In women, also, processes analogous to pollution may be observed, although much more rarely than in men, and generally as a consequence of masturbation practised for several years. According to Adler (op. cit., p. 130), pollutions—that is to say, evacuations of the secretion of the vaginal glands and of the uterine mucous membrane, as well as of the secretion of Bartholin’s glands near the vaginal inlet—never occur in chaste and intact virgins, but only in women who have already learned the enjoyment of sexual intercourse, and who are subsequently compelled to lead a continent life. For this reason pollutions are a “trouble of young widows,” and occur in young girls only when they have learned to know the nature of sexual pleasure by means of masturbation. Eulenburg remarks (“Sexual Neurasthenia,” p. 174):

“In connexion with lascivious dreams there occur spontaneous, more or less abundant, discharges of the clear muco-gelatinous secretion of the glands. These form a striking manifestation of sexual neurasthenia in women, and can be compared with the morbid pollutions occurring in similar circumstances in male neurasthenics. We hear less about them, however, and they are insufficiently known, even by medical men. For this reason especially, when they occur in association with physical virginity and a normal genital condition in other respects, they do not usually receive sufficient attention.”

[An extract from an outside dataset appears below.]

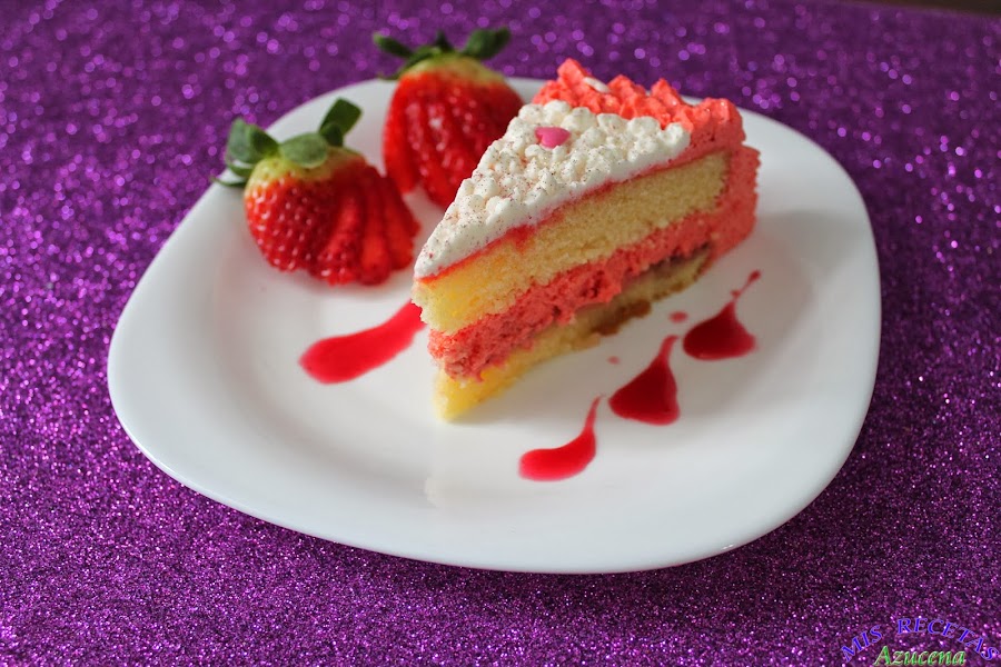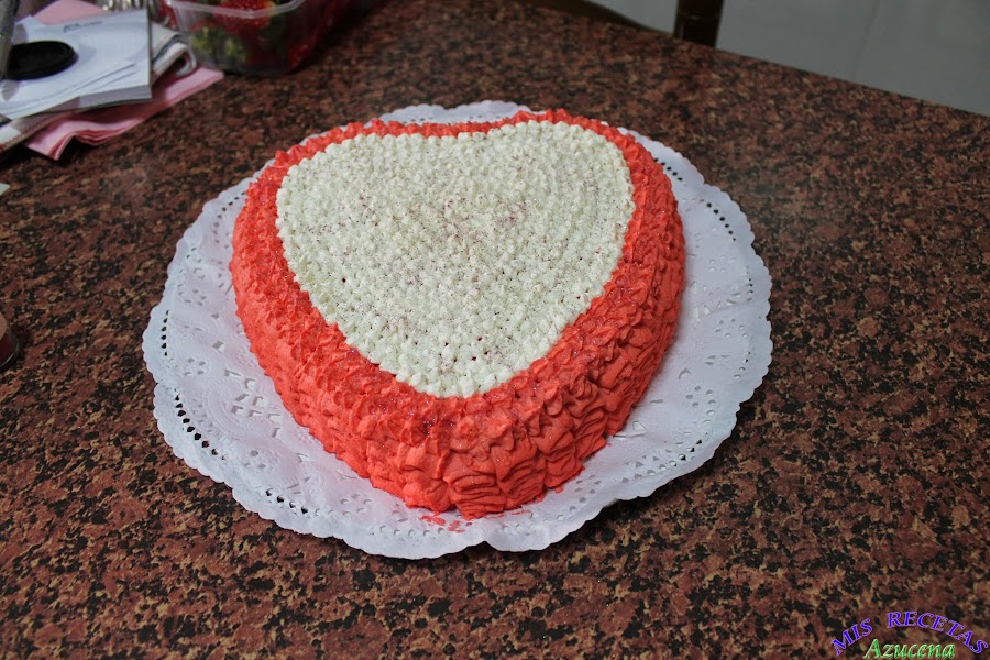 Una vez terminada cubrimos con la otra capa de bizcocho, ahora con ayuda de una espátula de repostería cubriremos toda la tarta con una capa fina de nata (crema de leche) de fresas.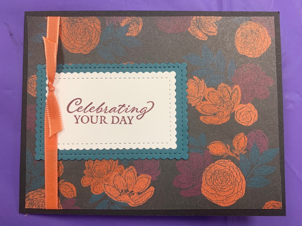 I finished the card with Happy Birthday from the Here’s A Hug (#149438). I created this card for my Monday Night Mystery Stamping group. They had the clues of what to cut before then and we met by Zoom to put the cards together. It is such a fun way to stay connected while staying apart.

The older physicians, especially those of the eighteenth century,[440] described these pollutions in women very well and thoroughly; in erotic and pornographic literature they have always played a great part. An interesting observation on peculiar processes analogous to pollutions is reported by Paul Bernhardt.[441] A hysterical sempstress, twenty-five years of age, as the result of any kind of annoyance, experienced sexual excitement completely resembling the sensation of sexual intercourse, and ending with a discharge of mucus. This was, however, never accompanied by any trace of voluptuous sensation; on the contrary, it gave rise to lumbar pains. Also, when she dreamed of anything disagreeable or had nightmare, this condition recurred. Erotically the patient is very indifferent, and denies the practice of masturbation.